I tried as per your code sample piece here in VS.Net 2003 and used on a asp:button control. the page does postback but the event is not firing for that button.. how to handle that..??
I don’t think ASP.NET 1.1 supports UseSubmitBehavior.
What you could probably do is use Attributes.Add() in your code behind to add the same client script to the button control.
thanks for your reply sir. but i tried using attributes.add() in some ways i know like written a javascript function to “disabled=true” code block. but if so, as per the above explanations, the c# event handler is not firing.
what else to do or what to add in attributes.add() function. Please help me out sir?
Try something like this:
Thank you Dave Ward. I have been trying for 2 days to figure out the image button and your solution was the one I needed!!! Works great.
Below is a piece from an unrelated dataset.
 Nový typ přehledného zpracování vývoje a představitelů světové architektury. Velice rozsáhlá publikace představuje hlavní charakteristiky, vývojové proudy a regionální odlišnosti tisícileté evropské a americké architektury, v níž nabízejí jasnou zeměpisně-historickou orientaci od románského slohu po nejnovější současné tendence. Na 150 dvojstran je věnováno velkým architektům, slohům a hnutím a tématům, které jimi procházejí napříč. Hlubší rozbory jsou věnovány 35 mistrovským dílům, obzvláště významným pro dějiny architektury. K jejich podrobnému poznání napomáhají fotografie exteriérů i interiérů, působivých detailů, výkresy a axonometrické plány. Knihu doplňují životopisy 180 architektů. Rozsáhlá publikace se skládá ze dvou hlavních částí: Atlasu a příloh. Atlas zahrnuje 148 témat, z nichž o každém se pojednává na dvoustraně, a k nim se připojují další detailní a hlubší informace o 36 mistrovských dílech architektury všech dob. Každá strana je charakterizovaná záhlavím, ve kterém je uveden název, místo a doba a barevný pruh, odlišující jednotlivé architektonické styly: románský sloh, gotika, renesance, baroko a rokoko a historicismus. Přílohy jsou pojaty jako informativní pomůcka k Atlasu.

Works perfectly, I’ve been looking for a very simple solution for some time now. Great post, keep up the good work.
thank you so much i had tried hell lot of things to get this but i din knew it was so simple
thank you so much
Finally! Thank you so much!
I’m new to ASP.net. How can I apply here?
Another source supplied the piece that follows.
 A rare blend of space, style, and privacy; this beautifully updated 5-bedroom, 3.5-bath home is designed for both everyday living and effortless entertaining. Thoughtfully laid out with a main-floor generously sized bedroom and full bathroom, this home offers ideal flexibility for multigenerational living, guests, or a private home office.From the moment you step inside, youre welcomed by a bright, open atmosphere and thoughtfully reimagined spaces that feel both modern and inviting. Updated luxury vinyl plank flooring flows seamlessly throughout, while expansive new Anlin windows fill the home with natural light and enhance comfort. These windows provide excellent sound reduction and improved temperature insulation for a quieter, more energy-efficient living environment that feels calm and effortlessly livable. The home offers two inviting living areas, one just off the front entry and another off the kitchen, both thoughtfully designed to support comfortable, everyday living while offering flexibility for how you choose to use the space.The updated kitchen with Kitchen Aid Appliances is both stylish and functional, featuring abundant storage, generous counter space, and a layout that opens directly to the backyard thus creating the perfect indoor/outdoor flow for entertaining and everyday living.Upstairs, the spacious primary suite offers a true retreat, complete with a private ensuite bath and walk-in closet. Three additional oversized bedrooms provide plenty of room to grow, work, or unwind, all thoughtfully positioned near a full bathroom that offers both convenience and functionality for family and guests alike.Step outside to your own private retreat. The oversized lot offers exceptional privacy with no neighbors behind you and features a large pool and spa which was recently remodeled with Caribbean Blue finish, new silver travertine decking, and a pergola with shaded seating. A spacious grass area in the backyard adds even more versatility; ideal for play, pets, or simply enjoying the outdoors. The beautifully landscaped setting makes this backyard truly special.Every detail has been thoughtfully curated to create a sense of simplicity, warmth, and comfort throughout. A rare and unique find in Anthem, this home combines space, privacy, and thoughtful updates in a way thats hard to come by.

Currently, the button fires when hitting the refresh button in IE. I want to fire the button only when clicked and not on refresh the page or F5.
I’m not sure if this is related to the topic.
Many thanks!
edcon
The reason that’s happening is because the button click causes a POST to the server. When you refresh a page that’s the result of a POST request, the browser re-POSTs that request, which results in the server seeing the button being clicked again.
That’s a tough problem to reliably avoid.
One way is to make the submit button redirect to a “please wait” type page while the process completes, but that introduces other complexities.
Another way to handle it is to set a Session variable when the process begins and not accept another submission for a certain timeframe.
Hope that helps.
Hi Dave,
Thank you for giving me some options to consider. But when I tried to redirect (response.redirect) to the same that solves the issue but I’m not sure if this the right way to do it. I got the idea from this link, http://forums.asp.net/t/1151989.aspx
Do you think this will lead to another problems?
Edcon
I think that’s a good way to handle it. That’s what I was referring to in my first suggestion.
Thanks! It helped me a lot.
-edcon
Thank you for the post, this helps a lot. But, I’m having one problem. I’m using this button to run a report and the report opens in an Adobe window. Once the report opens in another window, when I go back to the main page where the button was, the button is still disabled until I click to refresh the page. Is there any way to get the page to refresh or the button to become enabled again before the Adobe window opens? Thanks!
Hey. Thx for the post. I get a javascript error in my browser (IE7) when doing this. It does not seem to be a problem with the javascript code itself, because I took all the code out of the function to see. Any ideas?
Never mind me…..blonde moment!! Your stuff works great!!
It is not working with field validations, disables the button even when there are invalid fields.
Shakeel.
How do you do this with a asp menu instead of a button?
I’m not sure. I don’t use the Menu control. I believe those render as <A> tags though, so you’d need to go about it completely differently than this.
I’d suggest posting on the asp.net forums.
Once again, great solution!!!
Very interesting stuff- thanks for posting. Just one question (which I probably should know): where is the $get() js function defined? I’m not familiar with it.
Thanks, Frank
It’s part of the ASP.NET AJAX client side framework. In the usual one-parameter case, it’s functionally identical to document.getElementById. Just a shortcut.